An infectious agent causes disease. Recovery from disease d/t T cell and Ab response. A portion of antigenic protein mimics self protein. D/t the MHC composition, T-cells specific for antigenic protein also cross-reacts with self protein. T-cell responds to self protein and recruits immune cells causing tissue destruction.
Which autoimmune diseases do Th17 cells appear to be intimately involved?
Crohn’s, psoriasis, inflammatory bowel disease and rheumatoid arthritis. Deficiencies in Th17 or its receptor result in chronic mucocutaneous candidiasis syndrome.
What are some factors contributing to autoimmune disease?
- Estrogen - induces IFN-gamma production => ^ HLA expression on APCs; may also push Th2 autoimmune response toward Th1
- Infections - superantigenic effect of Staph or Mycoplasma may activate T-cells causing them to secrete cytokines and/or expand autopathogenic T-cell pop. d/t prolonged inflammatory response
- Stress - stimulation of hypothalamus and pituitary may lead to ^ cytokine secretion => inflammation
What are important cytokines in autoimmunity?
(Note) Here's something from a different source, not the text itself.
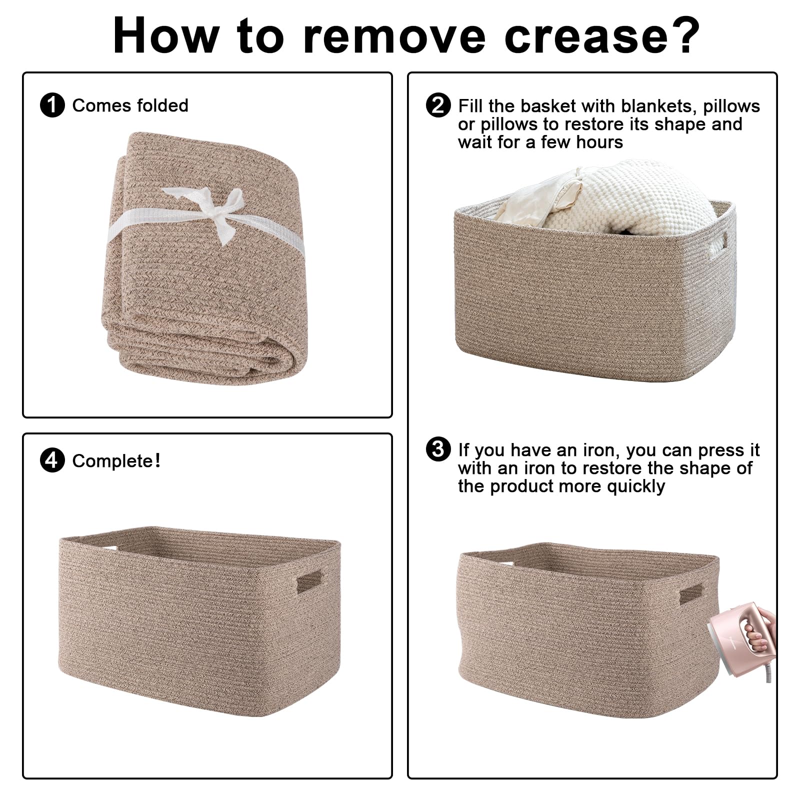 NOTE: The toy basket is folded, but it will turn back to its elegant shape quickly if you fill it with some pillows or blankets, and iron is great idea to remove the creases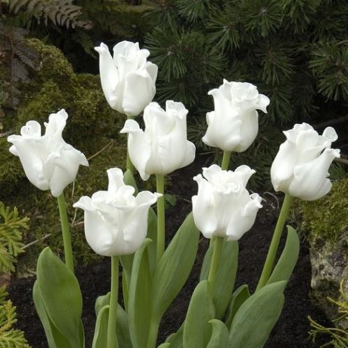 This lily flowered Tulip boasts a large pure white bloom flowering brilliantly on a 30-40 cm stem making a great cut flower. They are easy to grow in a sunny well drained position, but prefer a southern cool spot in warmer districts. Plant the bulbs in well prepared soil, 6-8 cm deep and 10-15cm apart, ideally in bold clumps. If drainage is a problem, plant slightly shallower and mound the soil over them. Tip: Snap off the old flower heads to push their energy into bulb growth. Tulips are best lifted in November to December and kept in a cool dry place with air movement. Plant the bulbs again in April to May. 5 bulbs per pack.

TNF-a, IL-1, IL-6 => begin acute phase response
IL-2 => induces T-cell, NK and B-cell proliferation (minor)
IL-4, IL-5 => induces IgG1, IgE and IgA, eosinophil production (IL-5)
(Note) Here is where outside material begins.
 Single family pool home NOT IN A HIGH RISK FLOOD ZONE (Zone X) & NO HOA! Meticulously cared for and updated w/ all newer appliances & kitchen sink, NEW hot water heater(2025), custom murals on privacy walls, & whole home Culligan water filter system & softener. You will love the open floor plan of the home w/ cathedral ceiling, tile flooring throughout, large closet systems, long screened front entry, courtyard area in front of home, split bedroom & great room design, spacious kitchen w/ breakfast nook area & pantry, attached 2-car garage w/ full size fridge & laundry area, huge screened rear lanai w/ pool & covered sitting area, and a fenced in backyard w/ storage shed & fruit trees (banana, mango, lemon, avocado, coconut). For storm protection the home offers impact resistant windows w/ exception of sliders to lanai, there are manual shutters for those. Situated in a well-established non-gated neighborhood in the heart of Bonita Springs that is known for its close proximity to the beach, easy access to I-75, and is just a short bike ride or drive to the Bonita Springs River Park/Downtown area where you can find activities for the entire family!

IL-7, GM-CSF => hematopoiesis
IL-10 => suppresses Th1 response
IFN-gamma => upregulates MHC class I and II expression
What is systemic autoimmunity?
Autoimmune pathology is evident in a number of organ systems. Examples include SLE, Sjogren’s and scleroderma
What is organ-specific autoimmunity?
Autoimmunity is exhibited in specific tissues in which the target antigen is found. Examples are thyroiditis (thyroid), diabetes (islets), Addison’s (steroid producing cells of adrenals and ovary)
What are treatments for autoimmune disease?
1) corticosteroids - prednisone
2) NSAIDs - ASA, ibuprofen, tylenol
3) cyclosporin A, Tacrolimus, Rapamycin
4) monoclonal antibodies (anti-CTLA-4)
5) TCR peptide immunization
6) anti-TNF-a biologicals - infliximab, etanercept, adalimumab
How does the hygiene hypothesis cause autoimmune disease?
The hygiene hypothesis suggests that exposure to microbes early in life is associated with the prevention of asthma and certain autoimmune diseases. This observation may be d/t the levels of T-regs and iNKT cells stimulated by the presence or absence of microbes.